LSTM

LSTM Forward and Backward Pass

Introduction

Hi, I'm Arun, a graduate student at UIUC.

While trying to learn more about recurrent neural networks, I had a hard time finding a source which explained the math behind an LSTM, especially the backpropagation, which is a bit tricky for someone new to the area. Frameworks such as Torch and Theano make life easy through automatic differentiation, which takes away the pain of having to manually compute gradient equations. However, to gain a better understanding of how things actually work and satisfy curiosity, we must dive into the details.

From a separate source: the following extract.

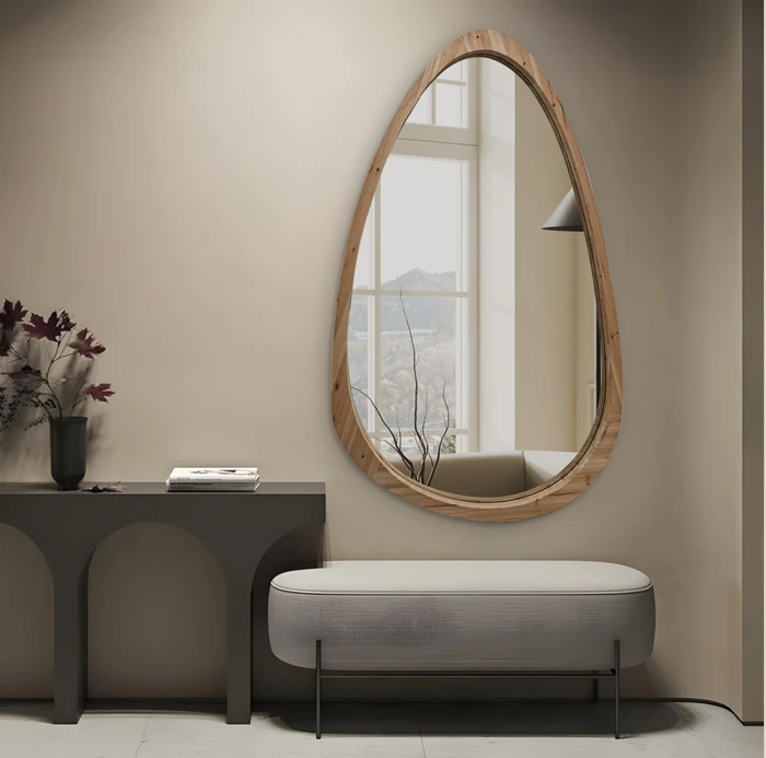 מראה מעוצבת דגם KRID טיפה אמורפית מסגרת עץ - 85*140 סמ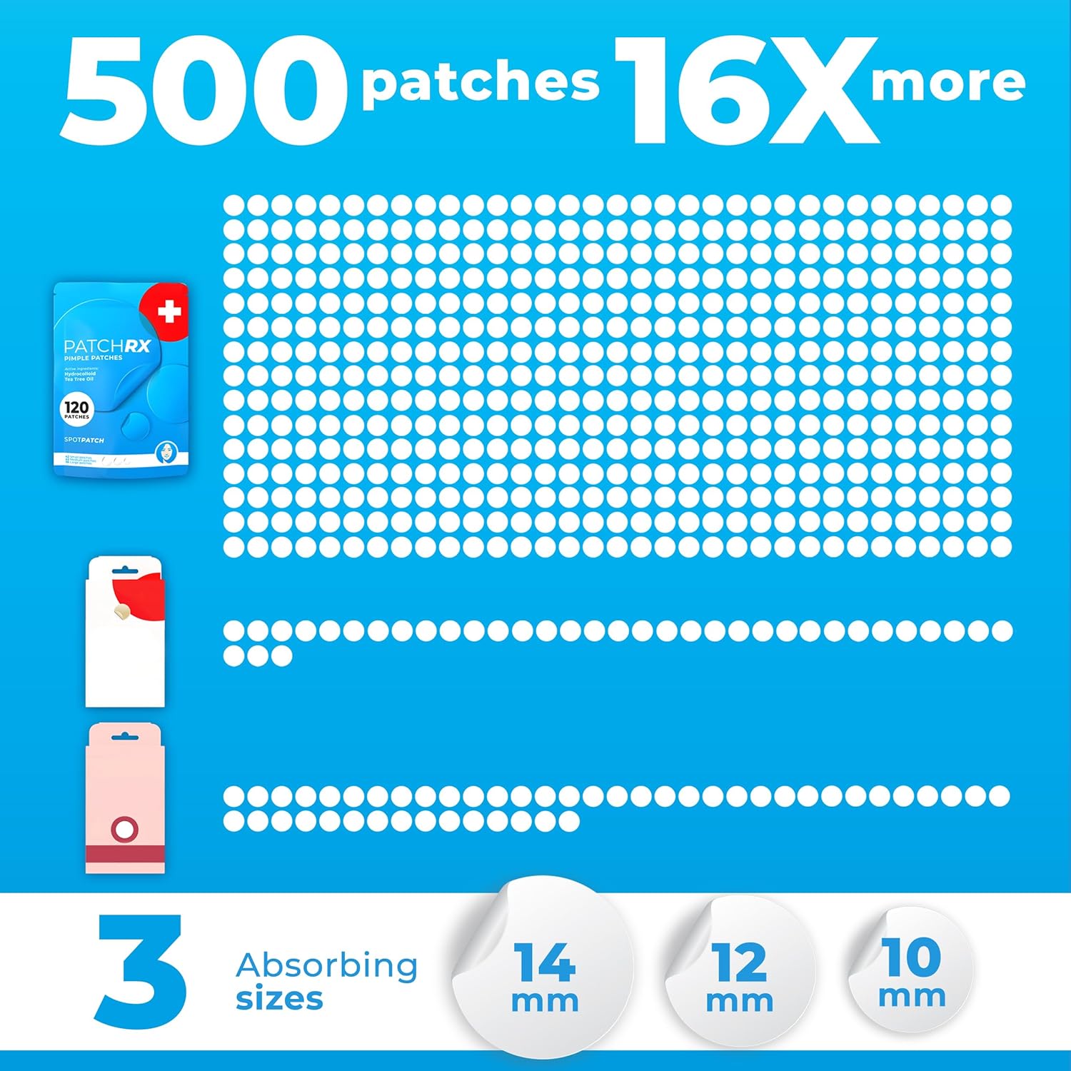 - 500CT ACNE PIMPLE PATCHES FOR FACE: Our acne patches contain 500 pimple patches for face pimples. Zit patches for face help absorb gunk. The hydrocolloid acne patch helps flatten the pimple. When finished, our pimple stickers peel off easily.

This is an attempt at presenting the LSTM forward and backward equations in a manner which can be easily digested.

I would recommend going through A Quick Introduction to Backpropagation before proceeding further, to familiarize oneself with how backpropagation and the chain rule work, as well as the notation used in the slides that follow. Basic knowledge of neural networks, elementary calculus and matrix algebra is recommended.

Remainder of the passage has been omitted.